SIMD Operations in ruvector-sparse-inference/src/backend/wasm.rs (Backend Trait)

pub struct WasmBackend;

impl Backend for WasmBackend {
    fn dot_product(&self, a: &[f32], b: &[f32]) -> f32 { /* SIMD dispatch */ }
    fn sparse_matmul(&self, matrix: &Array2<f32>, input: &[f32], rows: &[usize]) -> Vec<f32>;
    fn sparse_matmul_accumulate(&self, matrix: &Array2<f32>, input: &[f32], cols: &[usize], output: &mut [f32]);
    fn activation(&self, data: &mut [f32], activation_type: ActivationType); // ReLU via SIMD
    fn add(&self, a: &mut [f32], b: &[f32]);
    fn axpy(&self, a: &mut [f32], b: &[f32], scalar: f32);
    fn name(&self) -> &'static str { "WASM-SIMD" }
    fn simd_width(&self) -> usize { 4 } // 128-bit = 4 x f32
}

3.2 SIMD Acceleration Opportunities for the Sublinear-Time Solver

Based on the sublinear-time solver's core operations, the following SIMD acceleration points are identified:

Operation	SIMD Strategy	Expected Speedup	Existing Pattern
Distance computation (dot, cosine, euclidean)	f32x4_mul + f32x4_add accumulation	2-4x	ruvector-delta-wasm/src/simd.rs
Vector normalization	f32x4_mul (scale) + f32x4_add (L2 norm)	2-4x	simd_l2_norm_squared, simd_scale
Bitset operations (partition tracking)	v128_xor, v128_and, popcount via lookup	4-8x	ruvector-mincut/src/wasm/simd.rs
Sparse matrix-vector multiply	SIMD dot + sparse row selection	2-4x	WasmBackend::sparse_matmul
Activation functions (ReLU, GELU)	f32x4_max with zero splat	2-4x	relu_wasm_simd
Thompson Sampling bandit updates	Scalar (branching-heavy)	1x (no benefit)	N/A
Sort/selection (top-k)	Scalar (comparison-heavy)	1x (no benefit)	N/A

3.3 SIMD Feature Detection

The ruvector-wasm crate exposes SIMD detection to JS:

#[wasm_bindgen(js_name = detectSIMD)]
pub fn detect_simd() -> bool {
    #[cfg(target_feature = "simd128")]
    { true }
    #[cfg(not(target_feature = "simd128"))]
    { false }
}

For the sublinear-time solver, SIMD should be compiled in via RUSTFLAGS="-C target-feature=+simd128" at build time, with scalar fallbacks for environments that do not support it.
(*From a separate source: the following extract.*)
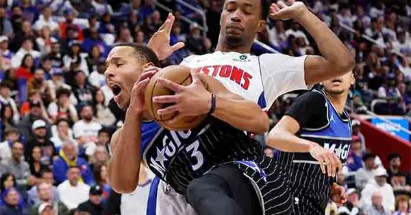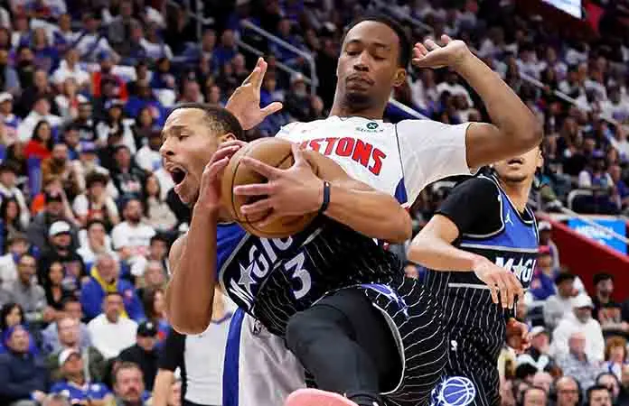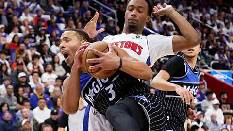 DETROIT.- Paolo Banchero anotó 23 puntos, capturó nueve rebotes y repartió cuatro asistencias para liderar al Magic de Orlando, octavo preclasificado, a una victoria de 112-101 sobre los Pistons de Detroit, primeros preclasificados, el domingo por la noche en el Juego 1 de su serie de primera ronda, lo que extendió la racha más larga de derrotas en casa en playoffs en la historia de la NBA.

3.4 Native SIMD Comparison

The native codebase (ruvector-core/src/simd_intrinsics.rs) supports:

• x86_64: AVX2 (256-bit, 8 x f32), AVX-512 (512-bit, 16 x f32), FMA, INT8 quantized
• aarch64: NEON (128-bit, 4 x f32), 4x loop unrolling, FMA via vfmaq_f32
• WASM: SIMD128 (128-bit, 4 x f32)

WASM SIMD128 provides the same width as NEON (4 x f32) but lacks FMA (f32x4_fma is not available in stable WASM SIMD). This means the sublinear-time solver WASM build will be approximately 2-3x slower than a native NEON build for distance computations, and 4-8x slower than an AVX-512 build. However, it will still be significantly faster than scalar fallback.

---

4. Memory Management Patterns

4.1 Shared Memory Protocol (Kernel Pack System)
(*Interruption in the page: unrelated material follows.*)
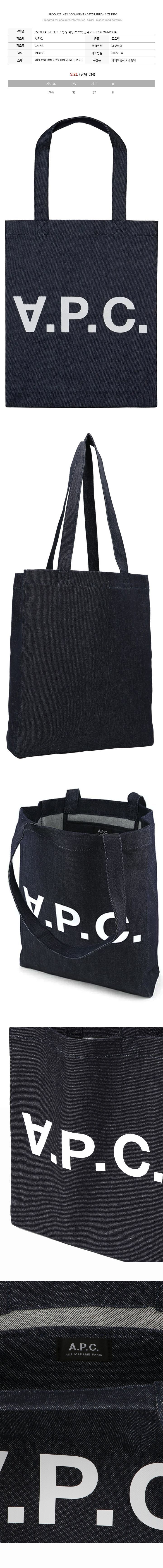 Product Name: APC Denim Tote Bag with Logo Print Indigo 152303224

The kernel pack system at /crates/ruvector-wasm/src/kernel/memory.rs defines a mature shared memory protocol:

pub struct SharedMemoryProtocol {
    total_size: usize,     // Total memory in bytes
    current_offset: usize, // Bump allocator position
    alignment: usize,      // Typically 16 bytes
}

impl SharedMemoryProtocol {
    pub fn default_settings() -> Self {
        Self::new(256, 16) // 256 pages = 16 MB, 16-byte alignment
    }

    pub fn allocate(&mut self, size: usize) -> Result<usize, KernelError> {
        let aligned_offset = self.align_offset(self.current_offset);
        // ...bounds check...
        self.current_offset = aligned_offset + size;
        Ok(aligned_offset)
    }
}

The KernelInvocationDescriptor manages tensor memory layout:

pub struct KernelInvocationDescriptor {
    pub descriptor: KernelDescriptor,  // input_a, input_b, output, scratch, params offsets+sizes
    protocol: SharedMemoryProtocol,
}

The MemoryLayoutValidator prevents region overlap and bounds violations.
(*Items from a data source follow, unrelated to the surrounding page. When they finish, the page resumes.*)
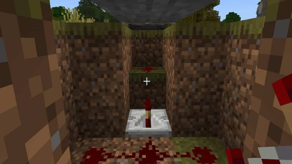 Now, dig two more mini-hole inside the same hole to place the Redstone Repeateron either side and also apply some Redstone Dust for further connectivity. The image only shows a hole on one end. You must dig an exact hole on the opposite side too.
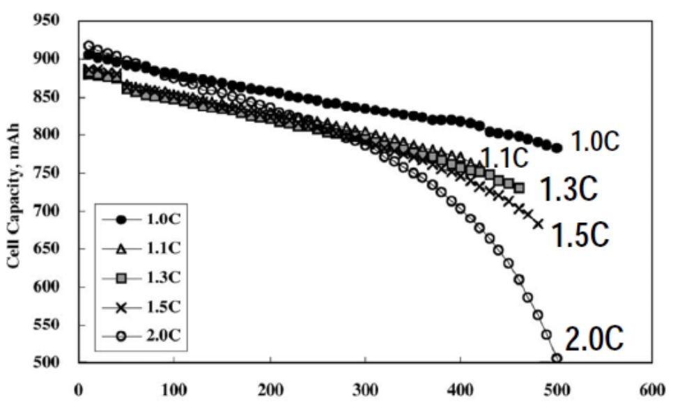 恒流充電的電流大多設(shè)定在1C左右(按照500個(gè)使用循環(huán)后容量衰減至初始容量的80%確定)。
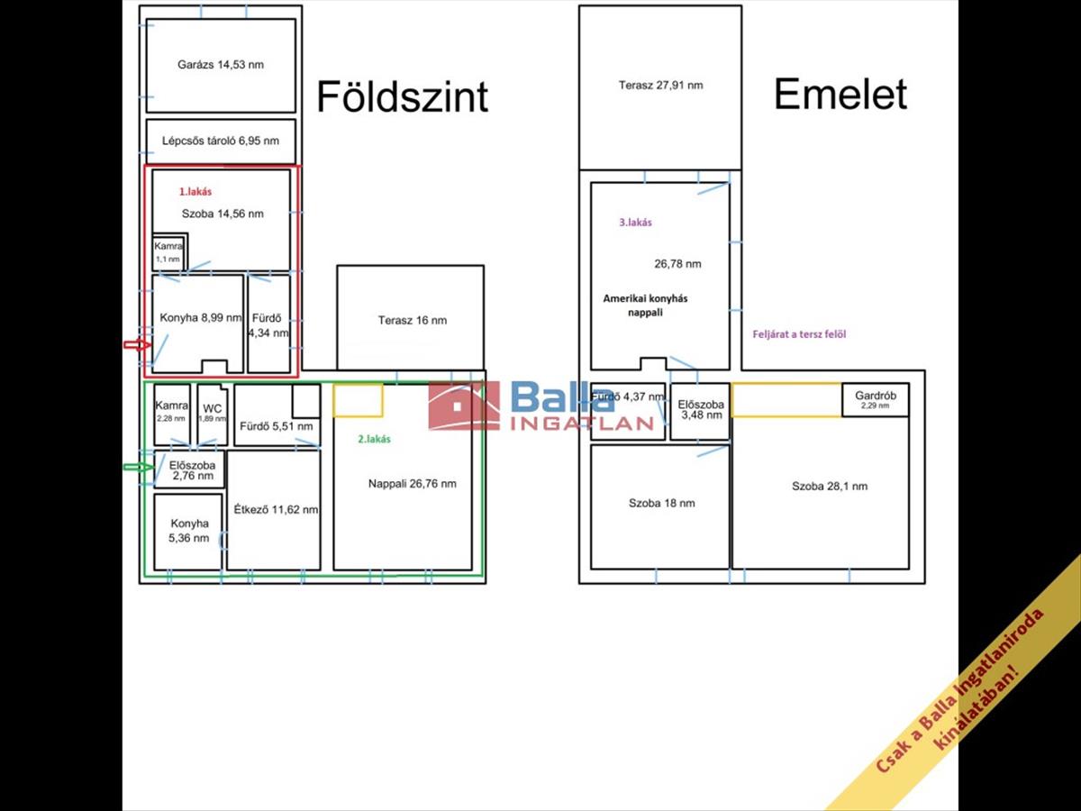 Három külön lakás lett kialakítva, külön bejárattal:

4.2 Typed Arrays / Zero-Copy Transfer

The wasm-bindgen crates use Float32Array for zero-copy data transfer between JS and WASM:

// Input: JS Float32Array -> Rust Vec<f32>
pub fn insert(&self, vector: Float32Array, ...) -> Result<String, JsValue> {
    let vector_data: Vec<f32> = vector.to_vec();  // Copy from JS typed array
    // ...
}

// Output: Rust Vec<f32> -> JS Float32Array
pub fn vector(&self) -> Float32Array {
    Float32Array::from(&self.inner.vector[..])  // Copy to JS typed array
}

Note: Float32Array::to_vec() and Float32Array::from() perform copies. True zero-copy requires accessing WASM linear memory directly from JS, which is demonstrated in the pwa-loader:

// Zero-copy write into WASM memory
function wasmWrite(data) {
    const ptr = wasmInstance.exports.rvf_alloc(data.length);
    const mem = new Uint8Array(wasmMemory.buffer, ptr, data.length);
    mem.set(data);  // Direct memory write
    return ptr;
}

// Zero-copy read from WASM memory
function wasmRead(ptr, len) {
    return new Uint8Array(wasmMemory.buffer, ptr, len).slice();
}

4.3 Memory Patterns in rvf-solver-wasm (no_std)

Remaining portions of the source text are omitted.